Most of the village of Boston Heights occupies a part of what was previously the northeast part of Boston Township. The village of Peninsula, which is still legally part of the township, is in the center. Cuyahoga Falls annexed an area along State Road and Northfield Center has the Brandywine area due to annexation when Northfield Center was part of Northfield Village.

It occupies most of survey Town 4, Range 11 in the Connecticut Western Reserve.

==Name==
Named by James Stanford after Boston, Massachusetts, it is the only Boston Township statewide.

==History==
The Hopewell Culture inhabited the area by ~200AD and constructed the Everett Mound near Everett.
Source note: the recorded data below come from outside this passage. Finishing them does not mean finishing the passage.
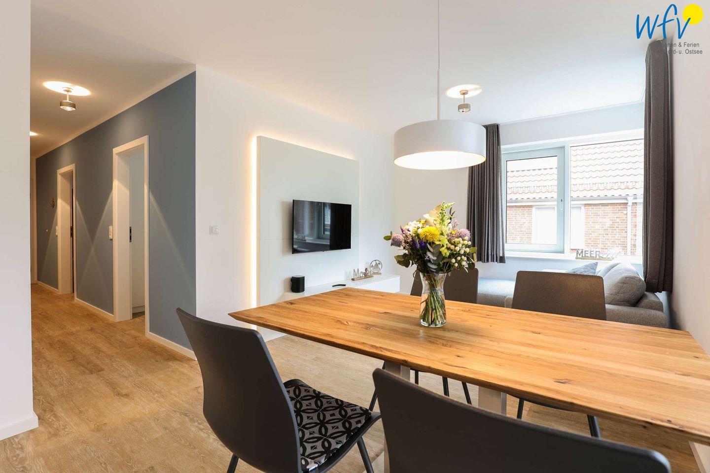 Die 58 m² große Ferienwohnung auf Juist befindet sich im 1. Obergeschoss und verfügt über zwei separate Schlafzimmer, einen großen Wohnraum mit integrierter Küche, ein modernes Duschbad und einen sonnigen Balkon. Helle Farben und ein schöner Lichteinfall verleihen der Wohnung eine sehr freundliche Atmosphäre. An kühleren Tagen sorgt eine Fußbodenheizung für wohlige Wärme in den Räumen.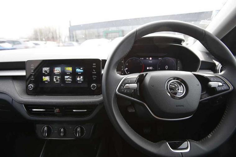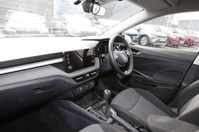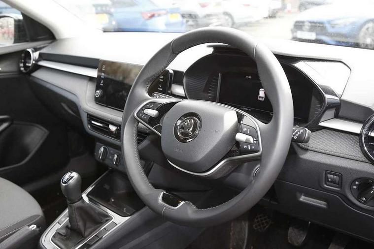 Advanced driver attention and drowsiness monitor, Bluetooth connection, Electromechanical power steering, Exterior temperature gauge, Service interval indicator, Traffic sign recognition, Virtual cockpit with 10.25" colour display, Wireless SmartLink for Apple CarPlay and Android Auto, 6 Speakers (4 in front and 2 in rear), Auxiliary socket for external MP3 player, DAB digital radio reception, Body coloured bumpers, Dimming rear view mirror with black frame, Door mirror integrated indicators, Front and rear electric windows, Front window wiper intermittent control, Headlight range control - Automatic, Ice scraper in fuel cap, LED daytime running lights with coming and leaving home feature, LED rear lights, Privacy glass, Rear LED fog light, Rear side wing doors, Rear window wiper with washing nozzles, Roof mounted spoiler, SKODA tailgate lettering in chrome, Third brake light, 2 reading lights in front and 2 reading lights in rear, 3 rear headrests, Backrest split and folding, Central console with removable cup holder and storage box, Chrome handbrake release button, Fabric upholstery, Front centre armrest, Gearshift knob/handle in leather, Grain satin black interior door handles, Hand brake lever handle in leather, Height adjustable front headrests, Height adjustable front seats, Height adjustable steering wheel, ISOFIX and TopTether anchorage points to the outer rear seats, ISOFIX and TopTether on the front passenger seat, Luggage compartment lighting, Manually adjustable lumbar support in front seats, Pollen filter, Rear seat bench unsplit, Single front passenger seat, Storm grey headlining, Sun visors with mirror and airbag label on passenger side, Textile floor mats, Ticket holder, Umbrella in drivers door, 3-point height adjustable front seats belts with pretensioner and force limiter, Automatic warning lights in case of crash, Driver and passengers airbag with switch off function, e-Call+, ESC including ABS, MSR, ASR, EDS, HBA and XDS, Front and rear seat belt warning, FRONT ASSIST (AEB City and AEB Inter Urban), Front side airbags, Head airbags, One tone horn, Pedestrian protection, Three rear 3-points safety seat belts with pretensioner and force limiter including stop function for outer rear seat belts, Tyre pressure monitoring system, Anti-theft alarm system including immobiliser, interior monitoring, backup horn, and towing protection, Central locking with radio remote control, interior controls, SAFE function and 2 foldable keys, Colour Edition air vents, Grain satin black central console cover, Metallic grey upper decorative trim, Satin black door and side trim panel in front, Textile Kota grey lower decorative inserts, Anti-theft wheel bolts protection, Super-low rolling resistance tyres,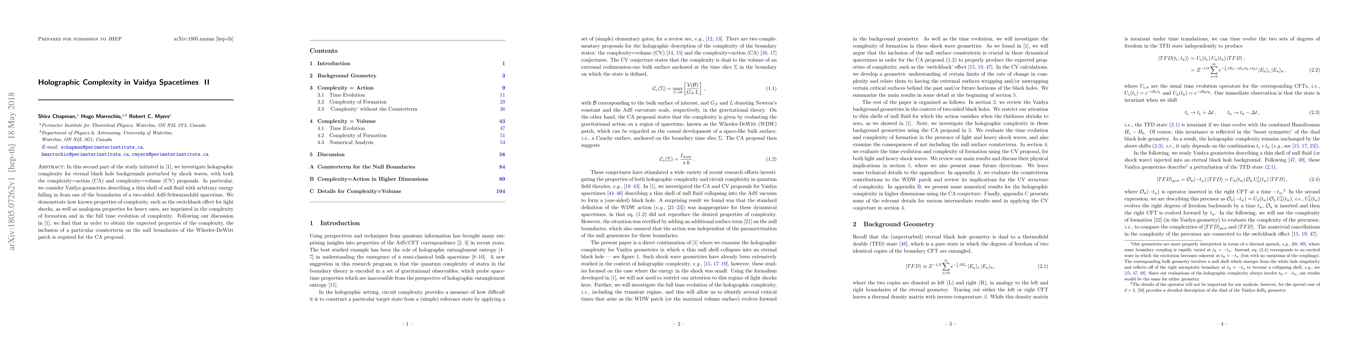 In this second part of the study initiated in arxiv:1804.07410, we investigate holographic complexity for eternal black hole backgrounds perturbed by shock waves, with both the complexity$=$action (CA) and complexity$=$volume (CV) proposals. In particular, we consider Vaidya geometries describing a thin shell of null fluid with arbitrary energy falling in from one of the boundaries of a two-sided AdS-Schwarzschild spacetime. We demonstrate how known properties of complexity, such as the switchback effect for light shocks, as well as analogous properties for heavy ones, are imprinted in the complexity of formation and in the full time evolution of complexity. Following our discussion in arxiv:1804.07410, we find that in order to obtain the expected properties of the complexity, the inclusion of a particular counterterm on the null boundaries of the Wheeler-DeWitt patch is required for the CA proposal.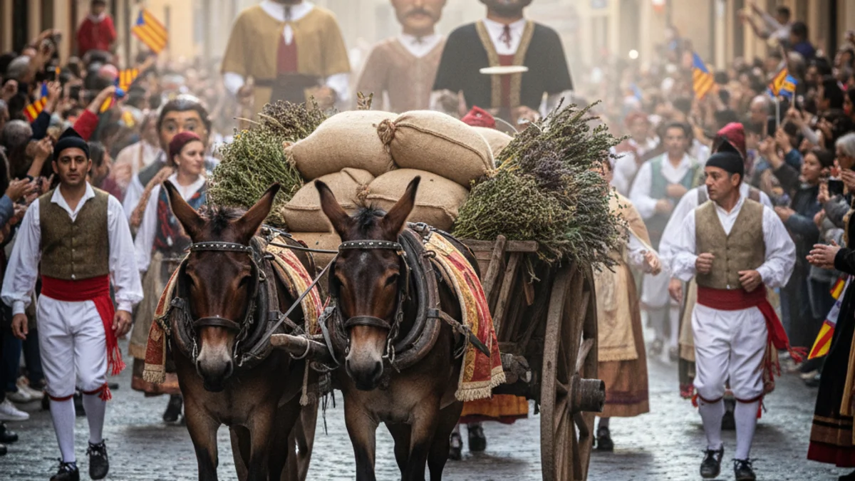 El narrador històric de la rua, Jacint Orriols, que fa cinquanta anys que hi participa, va recordar el sentit profund de la celebració, destacant que Balsareny sempre va ser un punt de pas i sojorn per als traginers. L'acte central de diumenge es va iniciar amb la benedicció dels animals per part del mossèn Antoni Quesada, seguit dels gegants i la mula Merlet.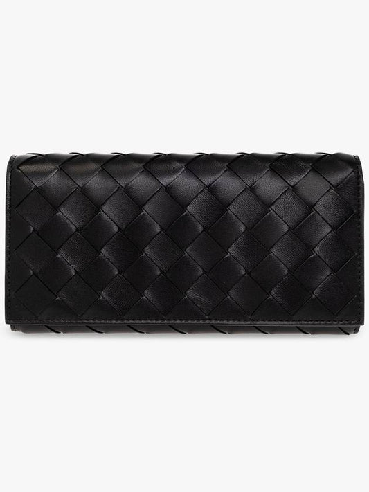 Bottega Veneta Intrecciato Large Flap Long Wallet Black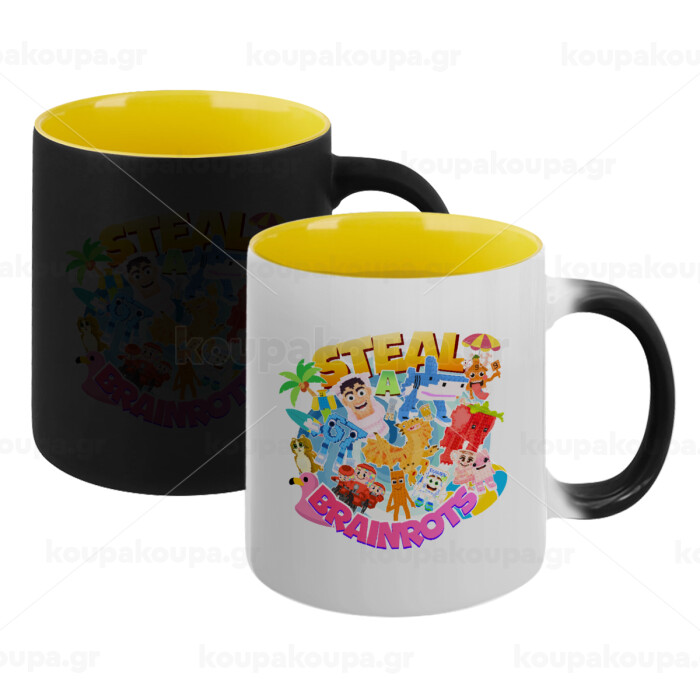 Roblox Steal a Brainrot, Κούπα Μαγική εσωτερικό κίτρινη, κεραμική 330ml που αλλάζει χρώμα με το ζεστό ρόφημα

Boston Township was established in 1811. Boston Township's land has been in the following counties:

| Year | County |
| 1788 | Washington |
| 1797 | Jefferson |
| 1800 | Trumbull |
| 1808 | Portage |
| 1840 | Summit |

==Government==
The township is governed by a three-member board of trustees, who are elected in November of odd-numbered years to a four-year term beginning on the following January 1. Two are elected in the year after the presidential election and one is elected in the year before it. There is also an elected township fiscal officer, who serves a four-year term beginning on April 1 of the year after the election, which is held in November of the year before the presidential election. Vacancies in the fiscal officership or on the board of trustees are filled by the remaining trustees.

==Transportation==
===Highways===
Boston Township is served by Interstate 271, which has an exit onto State Route 303 at the border with Richfield Township, and by State Route 303, which goes east–west through the middle of the township. The Ohio Turnpike (Interstate 80) passes through the township without any exits.

==Education==
Schooling for the township is provided by Woodridge Local School District.